» Given records
++++++++++++++++++++
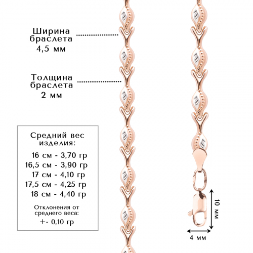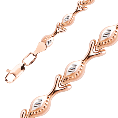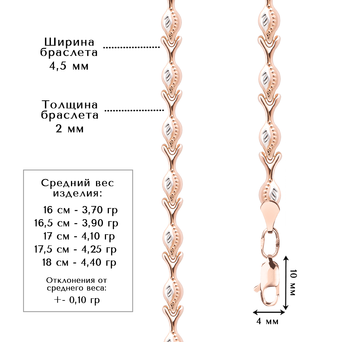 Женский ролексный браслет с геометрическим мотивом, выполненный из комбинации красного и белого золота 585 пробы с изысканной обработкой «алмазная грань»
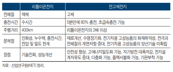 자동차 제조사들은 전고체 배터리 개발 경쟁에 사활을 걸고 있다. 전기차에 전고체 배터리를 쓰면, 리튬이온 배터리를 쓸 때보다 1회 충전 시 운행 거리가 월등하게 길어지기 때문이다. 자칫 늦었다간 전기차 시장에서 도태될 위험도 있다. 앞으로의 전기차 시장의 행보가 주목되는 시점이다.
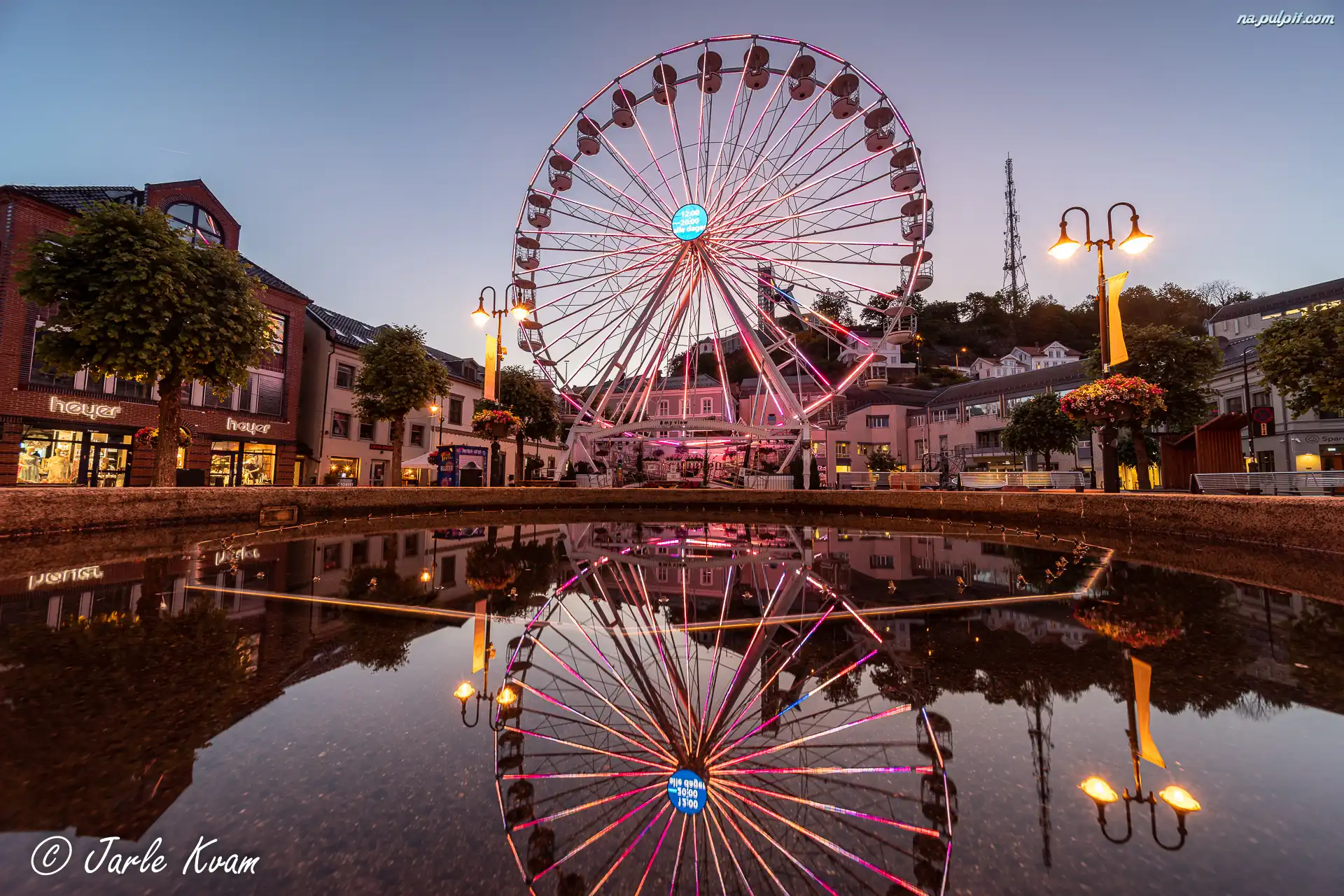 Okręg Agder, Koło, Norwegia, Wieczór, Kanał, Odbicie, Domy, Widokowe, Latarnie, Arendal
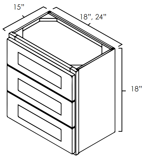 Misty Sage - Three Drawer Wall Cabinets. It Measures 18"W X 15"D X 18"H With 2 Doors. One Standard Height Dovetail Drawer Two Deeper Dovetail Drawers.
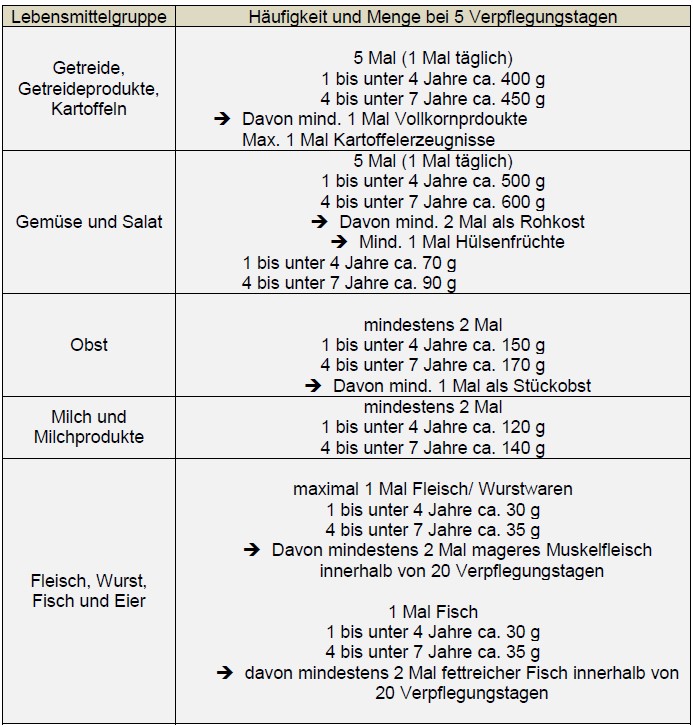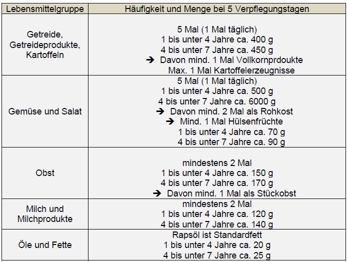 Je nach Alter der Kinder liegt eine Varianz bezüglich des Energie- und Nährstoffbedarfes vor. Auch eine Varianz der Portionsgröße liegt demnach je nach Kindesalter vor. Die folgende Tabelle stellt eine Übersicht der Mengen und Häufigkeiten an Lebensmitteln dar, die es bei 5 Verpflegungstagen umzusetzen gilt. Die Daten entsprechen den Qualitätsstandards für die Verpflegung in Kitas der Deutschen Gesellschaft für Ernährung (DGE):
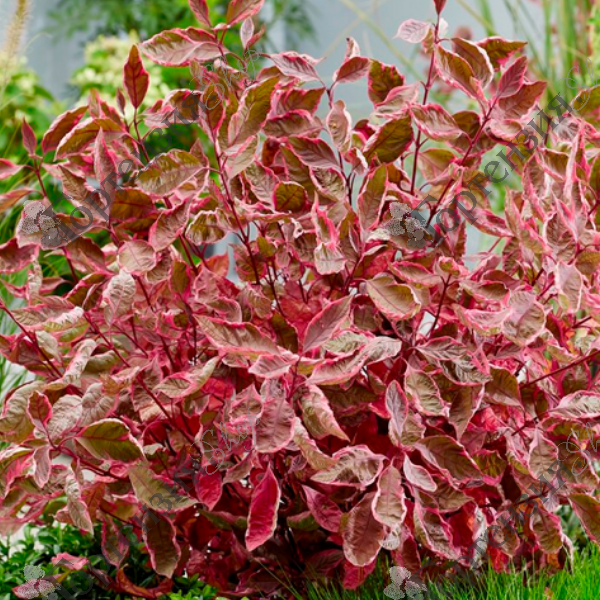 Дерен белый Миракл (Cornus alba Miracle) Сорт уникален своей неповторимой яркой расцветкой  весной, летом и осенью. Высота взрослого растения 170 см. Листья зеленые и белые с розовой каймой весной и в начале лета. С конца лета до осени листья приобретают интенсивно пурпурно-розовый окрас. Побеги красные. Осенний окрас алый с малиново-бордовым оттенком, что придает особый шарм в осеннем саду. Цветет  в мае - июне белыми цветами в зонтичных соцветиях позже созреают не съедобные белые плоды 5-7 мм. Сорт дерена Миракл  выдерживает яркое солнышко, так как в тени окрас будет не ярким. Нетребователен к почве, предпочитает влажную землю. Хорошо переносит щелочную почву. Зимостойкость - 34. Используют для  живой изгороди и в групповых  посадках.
++++++++++++++++++++
» Aim of the task
Stop at the line containing "Widokowe, Latarnie, Arendal" and include it. Everything from the first line of the material up to there is to be repeated exactly, leaving out pictures.

» Answer section
 Женский ролексный браслет с геометрическим мотивом, выполненный из комбинации красного и белого золота 585 пробы с изысканной обработкой «алмазная грань»
 자동차 제조사들은 전고체 배터리 개발 경쟁에 사활을 걸고 있다. 전기차에 전고체 배터리를 쓰면, 리튬이온 배터리를 쓸 때보다 1회 충전 시 운행 거리가 월등하게 길어지기 때문이다. 자칫 늦었다간 전기차 시장에서 도태될 위험도 있다. 앞으로의 전기차 시장의 행보가 주목되는 시점이다.
 Okręg Agder, Koło, Norwegia, Wieczór, Kanał, Odbicie, Domy, Widokowe, Latarnie, Arendal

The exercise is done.